Дойдя до конца аллеи, Стёпка оглядывается. Девчонка всё ещё стоит у павильона и смотрит им вслед. Вот смешная!

С весёлым другом барабаном

Наступило седьмое ноября — праздник, о котором Инка так долго, радостно мечтала. Но то, что девочка увидела вечером в городе, превзошло все её мечты. Разве могла она представить себе эту огромную, величиной с мачту, электрифицированную цифру десять, установленную на здании окружкома партии? В прошлом году её не было. Инка помнит точно. А огненные ленты иллюминаций, опоясавшие дома, улицы, сады и скверы; оркестры на балконах, весёлые толпы на площадях! Нужно было иметь не пару глаз, а ещё… раз, два… Инка точно подсчитала. Нужно иметь ещё три пары глаз, тогда можно увидеть всё, что делается впереди тебя, сзади, с правой и с левой стороны.

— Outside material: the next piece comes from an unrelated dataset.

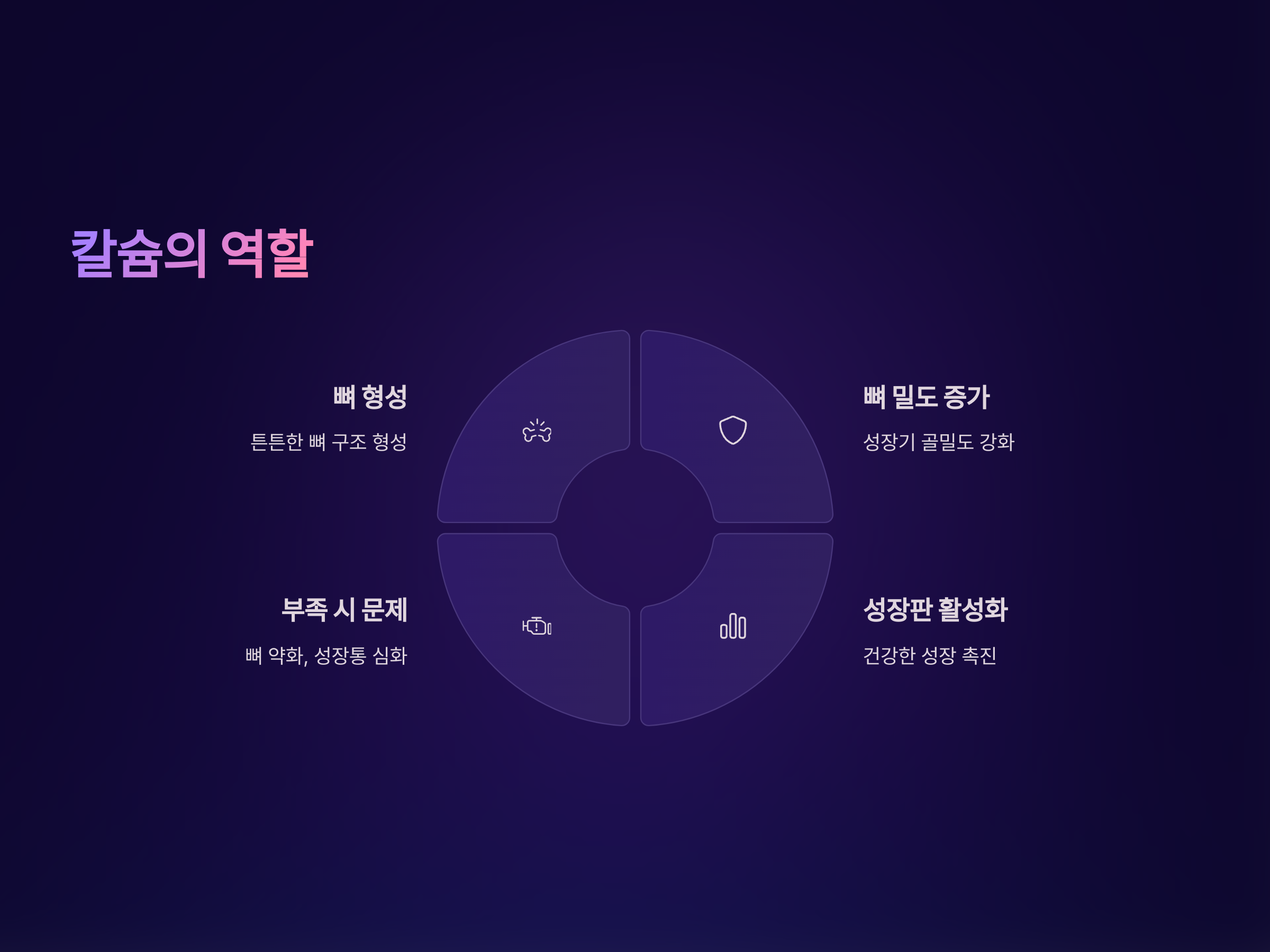 - 칼슘은 뼈를 강화하는 주된 역할을 하며, 성장판이 활발하게 자라는 동안 뼈의 밀도를 높이는 데 기여합니다. 칼슘이 부족하면 뼈가 약해지고, 성장통이 심해질 수 있습니다.

Вот медленно едет грузовик, и сидят в нём комсомольцы завода имени Артёма. Юноша во фраке и в цилиндре кричит на всю улицу:

— Алло! Алло! Господа-граждане! Его величество мировой капитал хочет уничтожить всех коммунистов и обращается за помощью ко II Интернационалу.

Другой паренёк, изображающий, по-видимому, соглашателя из II Интернационала так же громко отвечает:

— Не волнуйтесь, господа капиталисты. Советский Союз будет уничтожен, для этого существуют газы.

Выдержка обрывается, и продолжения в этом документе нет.